TASK OBJECTIVE
Quote the listing in full, exactly as given, minus any pictures.

DATASET SECTION
▼
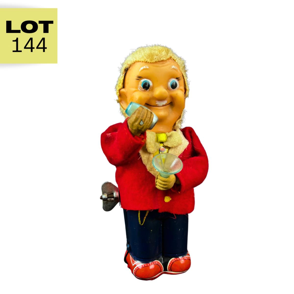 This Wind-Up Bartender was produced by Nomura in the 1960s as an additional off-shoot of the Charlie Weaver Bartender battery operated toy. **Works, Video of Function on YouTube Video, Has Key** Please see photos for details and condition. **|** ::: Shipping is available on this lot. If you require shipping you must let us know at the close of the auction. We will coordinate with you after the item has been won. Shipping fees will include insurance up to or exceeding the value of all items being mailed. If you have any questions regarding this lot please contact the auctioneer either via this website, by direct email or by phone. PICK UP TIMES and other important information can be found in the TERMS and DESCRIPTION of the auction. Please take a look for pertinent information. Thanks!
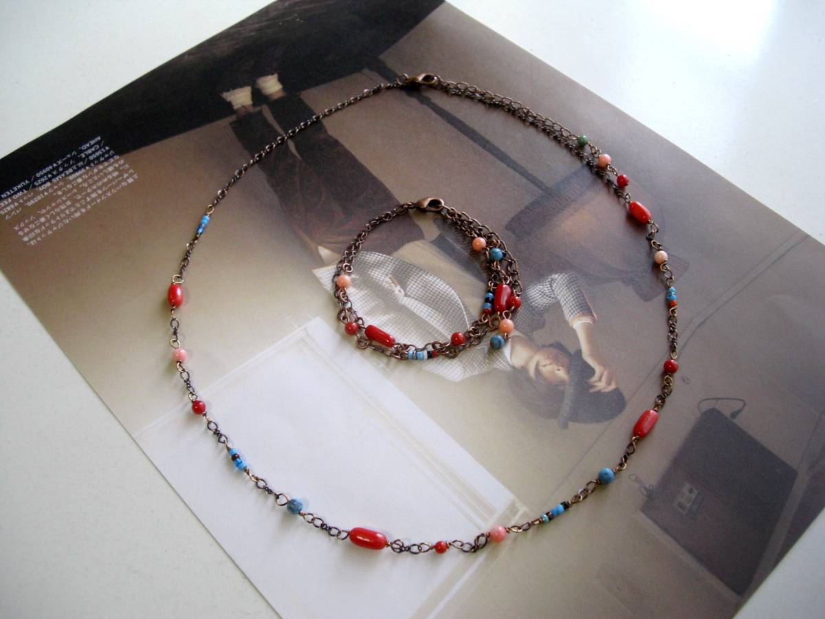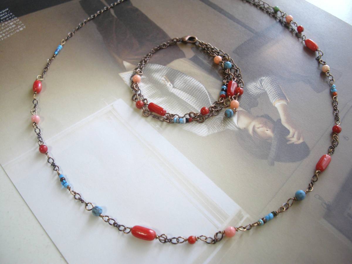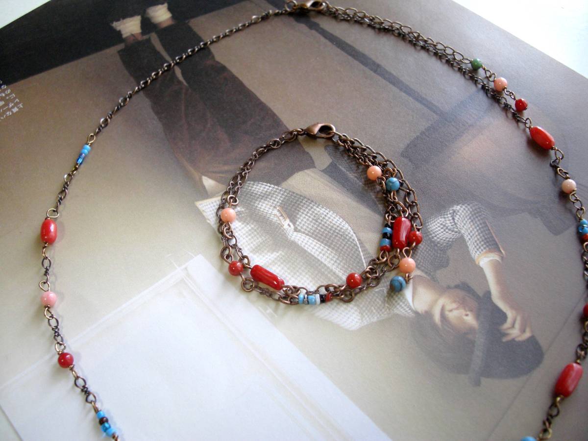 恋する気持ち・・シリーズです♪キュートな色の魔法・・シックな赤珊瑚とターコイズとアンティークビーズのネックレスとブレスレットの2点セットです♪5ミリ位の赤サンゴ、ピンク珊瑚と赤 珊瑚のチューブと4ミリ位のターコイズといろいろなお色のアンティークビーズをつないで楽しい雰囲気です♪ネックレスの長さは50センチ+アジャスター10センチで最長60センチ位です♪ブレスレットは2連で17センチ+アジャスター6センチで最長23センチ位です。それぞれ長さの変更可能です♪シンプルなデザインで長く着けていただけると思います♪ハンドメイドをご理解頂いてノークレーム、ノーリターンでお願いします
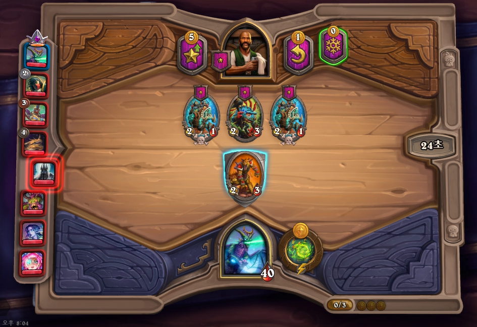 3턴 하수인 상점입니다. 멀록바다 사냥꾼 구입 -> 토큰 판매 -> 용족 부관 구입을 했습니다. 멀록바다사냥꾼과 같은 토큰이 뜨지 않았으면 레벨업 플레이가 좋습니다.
▲
RESULT OF THE TASK
 This Wind-Up Bartender was produced by Nomura in the 1960s as an additional off-shoot of the Charlie Weaver Bartender battery operated toy. **Works, Video of Function on YouTube Video, Has Key** Please see photos for details and condition. **|** ::: Shipping is available on this lot. If you require shipping you must let us know at the close of the auction. We will coordinate with you after the item has been won. Shipping fees will include insurance up to or exceeding the value of all items being mailed. If you have any questions regarding this lot please contact the auctioneer either via this website, by direct email or by phone. PICK UP TIMES and other important information can be found in the TERMS and DESCRIPTION of the auction. Please take a look for pertinent information. Thanks!
 恋する気持ち・・シリーズです♪キュートな色の魔法・・シックな赤珊瑚とターコイズとアンティークビーズのネックレスとブレスレットの2点セットです♪5ミリ位の赤サンゴ、ピンク珊瑚と赤 珊瑚のチューブと4ミリ位のターコイズといろいろなお色のアンティークビーズをつないで楽しい雰囲気です♪ネックレスの長さは50センチ+アジャスター10センチで最長60センチ位です♪ブレスレットは2連で17センチ+アジャスター6センチで最長23センチ位です。それぞれ長さの変更可能です♪シンプルなデザインで長く着けていただけると思います♪ハンドメイドをご理解頂いてノークレーム、ノーリターンでお願いします
 3턴 하수인 상점입니다. 멀록바다 사냥꾼 구입 -> 토큰 판매 -> 용족 부관 구입을 했습니다. 멀록바다사냥꾼과 같은 토큰이 뜨지 않았으면 레벨업 플레이가 좋습니다.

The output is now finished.